New York lawmakers divided on Rexit

United States Secretary of State Rex Tillerson
United States Secretary of State Rex Tillerson
Alexandros Michailidis/Shuttersock
United States Secretary of State Rex Tillerson

New York lawmakers divided on Rexit

Democrats bemoan White House chaos, while Republicans welcome Pompeo.
March 13, 2018

After months of speculation, Rexit is here. Embattled Secretary of State Rex Tillerson was fired by President Donald Trump, who announced the decision to replace Tillerson with current CIA Director Mike Pompeo on Twitter. CIA Deputy Director Gina Haspel will be the new director of the agency, if both she and Pompeo are confirmed by the Senate.

The news of Tillerson’s impending departure divided New York’s lawmakers, with Democrats decrying the lack of stability in the White House and Republicans cheering the choice of Pompeo, their former colleague in Congress.

Tillerson and Trump have had several policy and personality differences, such that Tillerson allegedly calling the president a “moron” appears not to have even been the primary cause of his demise. Trump justified the staff change by saying he wanted a new team for his upcoming talks with North Korean leader Kim Jong-un, but the president and Tillerson have also differed on issues such as continuing with the agreement in which Iran agreed to forgo nuclear weapons.

“When you look at the Iran deal, I think it’s terrible. I guess he thought it was okay,” Trump told reporters on Tuesday, discussing his dismissal of Tillerson. Opposition to the 2015 Iran agreement is especially strong among New York Republicans, who tend to be hawkish on Middle East policy. While New York Democrats tend to be staunch supporters of Israel, they are more inclined to back former President Barack Obama’s Iran deal, arguing that preventing a nuclear Iran is in the interest of the United States and its allies, including Israel.

Democrats are also more likely to side with Tillerson over Trump and congressional Republicans on two key areas in which the secretary of state and the president differed: Russian meddling and covert operations in the U.S. and other Western democracies, and the withdrawal from the Paris climate agreement. Tillerson, the former CEO of ExxonMobil, argued for staying in the climate pact. He also supported the United Kingdom’s assertion that Russia was responsible for the poisoning of former Russian spy Sergei Skripal in Salisbury, England last week. Trump withdrew the U.S. from the Paris agreement and has refused to say whether Russia is responsible for Skripal’s poisoning.

In the wake of Tillerson's firing, Senate Minority Leader Charles Schumer wrote on Twitter that the constant staff turnover in the White House hurts the country, but ended on a cautiously optimistic note regarding Pompeo’s nomination.

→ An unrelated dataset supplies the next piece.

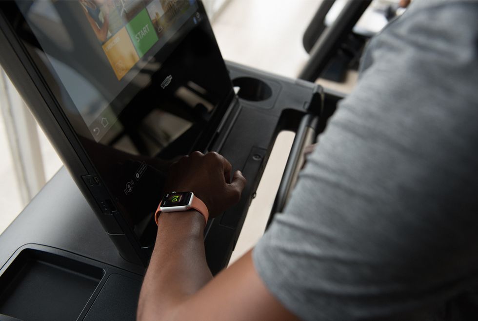 The new system, developed by Apple and called GymKit, lets Apple Watch wearers pair the device with treadmills, stair steppers, ellipticals and indoor bikes by tapping the smartwatch against a contactless pad on the equipment.

Pompeo has broken with Trump in concluding that the Russian government interfered with the 2016 presidential elections.

Schumer was also initially opposed to the Iran nuclear deal when it was brokered by the Obama administration, although he softened his position when it appeared as if Trump might back out of the deal last year. Tillerson supported the continuation of the deal, while Pompeo has taken a harder line against Iran.

Democratic Reps. Eliot Engel and Sean Patrick Maloney also released statements condemning the instability in the executive branch. Engel is the ranking member of the House Foreign Affairs Committee.
 

Long Island Republican Reps. Lee Zeldin and Peter King tweeted statements that did not mention Tillerson, but displayed unbridled enthusiasm for Pompeo’s nomination. Zeldin and King both represent districts with large Jewish populations, and Zeldin is one of two Jewish Republican representatives in Congress. Both have criticized the Iran nuclear deal, and therefore may be more receptive to a secretary of state who shares their opinion on the agreement.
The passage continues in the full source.